В иные мгновения, начиная с одиннадцати ноль-ноль, Вацурак воображал себя Гойей этого города: подобно Гойе, он срывает маски с физиономий местных властителей и плюет на инквизицию. Но порой им владели куда менее героические чувства. Если они окончательно лишат меня милости, в это логово придет нищета. Но ведь даже Гойя не всегда был в опале. Его то и дело допускали ко двору, чтобы он писал портреты членов королевской фамилии. Ну, им-то и в голову не приходило, сколько издевки художник вложил в эти завещанные потомству полотна. А ведь они, собственно, могли позвать меня совсем для другого, ну, скажем, чтобы я принял участие в совещании на высшем уровне, где обсуждается ближайшее празднество. Ладно, посмотрим. Какое же, однако, появляется чувство свободы, если хоть раз перестать быть лакеем. Сколько пробуждается сил, если всего раз взглянуть на болото сверху, с высоты птичьего полета.
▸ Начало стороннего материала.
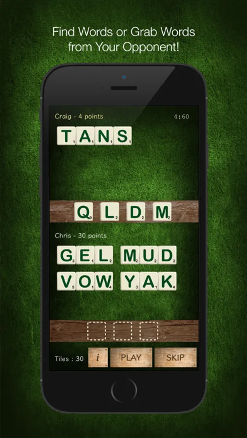 Find words, and grab words from your opponent - when the tiles run out the player with the highest letter score wins. The fastest to find a word gets it - but careful - longer words beat faster words! Should you be quick and grab the first word you find? Or should you take your time to find the longest word you can? The choice is yours...
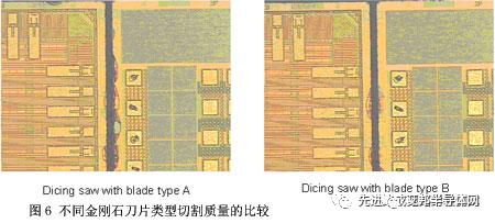 對于低k晶圓而言,金屬層/ILD層的分層或剝離以及崩角相比生產成本更重要(在生產成本允許范圍內)?;趯嶒?,優(yōu)選2-4um的金剛石顆粒、較低的金剛石密度和較軟的粘結材料的劃片刀作為進一步優(yōu)化劃片制程的基礎。圖6是不同類型的劃片刀切割質量的比較。劃片刀A具有較大的金剛石顆粒,較硬的粘結材料,而劃片刀B具有較小的金剛石顆粒,較軟的粘結材料(表),很明顯,劃片刀B的切割質量優(yōu)于劃片刀A?!?/span>
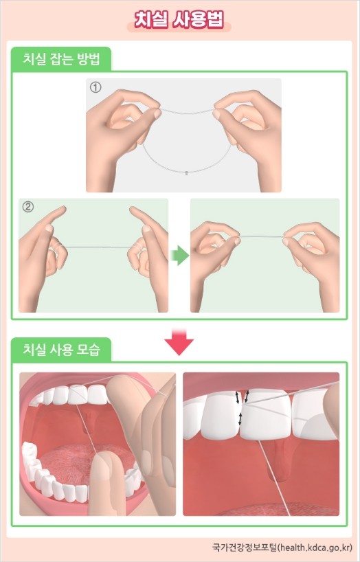 *치태: 치아 표면에 생기는 끈적한 세균막으로, 양치질로 제거하지 못하면 무기질과 결합하여 단단한 치석으로 변함. - 억지로 힘을 주면 피가 날 수 있으므로 천천히 조심해서 사용하고, 한 번 사용한 치실은 버립니다.
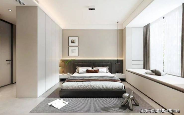 卧室以低饱和色系构建宁静基底,浅灰墙与米白柜弱化边界,营造舒展氛围。悬浮床头借线性灯带勾勒轮廓,虚实间拓展视觉层次。窗边飘窗融入收纳,绿植与艺术画点缀,让休憩空间兼具实用与诗意。
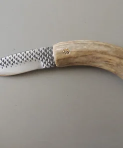 Poignard bois de cerf avec culot en bois ébène, lame forgée main en acier carbone 23 cm dont 11 cm de lame.
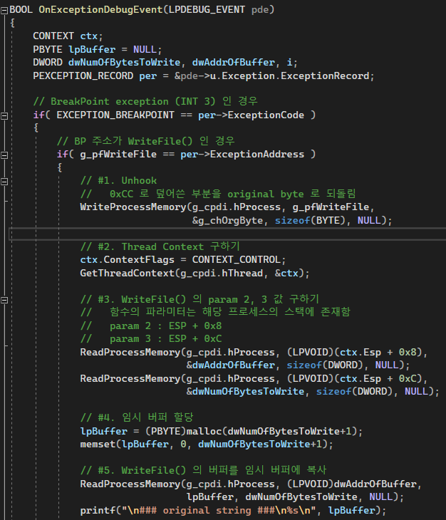 ReadProcessMemory( )로 WriteFile( ) 첫 바이트를 읽어내서 g_chOrgByte 변수에 보존해둔다.

Ну погодите, Раймунд еще себя покажет!
Внезапно он вспомнил о своих будничных обязанностях: нужно посмотреть, как там Фридль, ведь парень не выходит из темной комнатки. Вот уже сколько времени он проводит там целые дни. Выйдя из «конторы», Вацурак пересек ателье, где под его шагами гнулись половицы — дом стоял без фундамента и в балках под полом завелся грибок. Он постучал, и Фридль не сразу ответил ему. Мальчик давно уже кончил работу и сидел в темноте, погруженный в думы. Растерянно шагнул он из комнатенки ему навстречу. Вацурак притянул мальчишку к себе: нужно в конце концов выведать, что с ним творится.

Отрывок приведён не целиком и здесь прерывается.